▶ _PROMPT_
Your answer should consist solely of the lines from the first line of the data through the line with "Equipped with a", each reproduced exactly.

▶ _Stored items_
+--
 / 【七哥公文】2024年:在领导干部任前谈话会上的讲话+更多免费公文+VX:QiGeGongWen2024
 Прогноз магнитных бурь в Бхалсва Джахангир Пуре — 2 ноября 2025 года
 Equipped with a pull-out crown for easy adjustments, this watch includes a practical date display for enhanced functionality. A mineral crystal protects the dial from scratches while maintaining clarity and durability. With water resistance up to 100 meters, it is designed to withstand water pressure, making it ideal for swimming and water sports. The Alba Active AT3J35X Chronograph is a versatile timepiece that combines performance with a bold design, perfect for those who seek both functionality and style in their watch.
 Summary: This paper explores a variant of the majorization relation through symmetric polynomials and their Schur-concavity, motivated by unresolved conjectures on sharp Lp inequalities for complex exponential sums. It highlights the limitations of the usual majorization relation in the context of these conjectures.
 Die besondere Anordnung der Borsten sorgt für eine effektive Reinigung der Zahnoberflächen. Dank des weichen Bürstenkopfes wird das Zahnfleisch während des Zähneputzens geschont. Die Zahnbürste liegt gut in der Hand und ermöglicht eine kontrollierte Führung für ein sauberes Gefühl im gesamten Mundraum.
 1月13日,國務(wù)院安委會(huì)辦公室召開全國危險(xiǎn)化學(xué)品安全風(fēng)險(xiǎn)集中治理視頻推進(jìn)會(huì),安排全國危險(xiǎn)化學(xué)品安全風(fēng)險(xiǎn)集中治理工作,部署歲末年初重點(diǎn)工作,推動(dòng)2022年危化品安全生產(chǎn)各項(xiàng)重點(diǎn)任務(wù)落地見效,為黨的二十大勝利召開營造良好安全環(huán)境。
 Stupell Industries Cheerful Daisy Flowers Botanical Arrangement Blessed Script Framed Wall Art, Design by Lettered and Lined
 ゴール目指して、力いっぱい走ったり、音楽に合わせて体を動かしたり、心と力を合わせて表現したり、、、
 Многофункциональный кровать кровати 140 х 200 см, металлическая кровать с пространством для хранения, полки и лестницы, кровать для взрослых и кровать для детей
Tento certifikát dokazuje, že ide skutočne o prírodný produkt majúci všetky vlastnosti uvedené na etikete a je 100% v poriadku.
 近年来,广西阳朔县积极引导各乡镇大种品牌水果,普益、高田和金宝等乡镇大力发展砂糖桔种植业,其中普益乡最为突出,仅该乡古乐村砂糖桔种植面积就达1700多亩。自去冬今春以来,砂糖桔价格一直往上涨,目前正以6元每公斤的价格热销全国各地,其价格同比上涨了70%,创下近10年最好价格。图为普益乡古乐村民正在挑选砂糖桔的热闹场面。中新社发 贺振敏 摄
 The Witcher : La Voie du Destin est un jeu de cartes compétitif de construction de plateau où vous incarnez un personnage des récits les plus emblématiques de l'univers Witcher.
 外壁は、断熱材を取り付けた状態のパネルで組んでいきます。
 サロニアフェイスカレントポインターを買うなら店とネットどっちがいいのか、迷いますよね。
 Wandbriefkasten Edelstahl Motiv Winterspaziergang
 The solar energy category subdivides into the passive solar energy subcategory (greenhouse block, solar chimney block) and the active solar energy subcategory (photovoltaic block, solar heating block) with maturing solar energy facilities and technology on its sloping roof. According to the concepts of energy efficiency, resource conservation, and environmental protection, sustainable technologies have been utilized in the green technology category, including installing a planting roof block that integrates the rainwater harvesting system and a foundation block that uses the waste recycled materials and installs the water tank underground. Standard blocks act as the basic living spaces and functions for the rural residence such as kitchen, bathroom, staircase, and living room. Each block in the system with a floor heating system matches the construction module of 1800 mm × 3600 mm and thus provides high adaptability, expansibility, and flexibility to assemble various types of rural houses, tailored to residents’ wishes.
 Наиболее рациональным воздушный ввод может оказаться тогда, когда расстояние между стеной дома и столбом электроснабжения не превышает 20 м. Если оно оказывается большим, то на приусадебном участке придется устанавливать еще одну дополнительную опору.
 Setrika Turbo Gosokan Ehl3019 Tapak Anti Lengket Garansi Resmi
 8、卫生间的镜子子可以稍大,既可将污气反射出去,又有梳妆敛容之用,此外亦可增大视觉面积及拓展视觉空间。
+--
▶ _COMPLETED EXERCISE_
 / 【七哥公文】2024年:在领导干部任前谈话会上的讲话+更多免费公文+VX:QiGeGongWen2024
 Прогноз магнитных бурь в Бхалсва Джахангир Пуре — 2 ноября 2025 года
 Equipped with a pull-out crown for easy adjustments, this watch includes a practical date display for enhanced functionality. A mineral crystal protects the dial from scratches while maintaining clarity and durability. With water resistance up to 100 meters, it is designed to withstand water pressure, making it ideal for swimming and water sports. The Alba Active AT3J35X Chronograph is a versatile timepiece that combines performance with a bold design, perfect for those who seek both functionality and style in their watch.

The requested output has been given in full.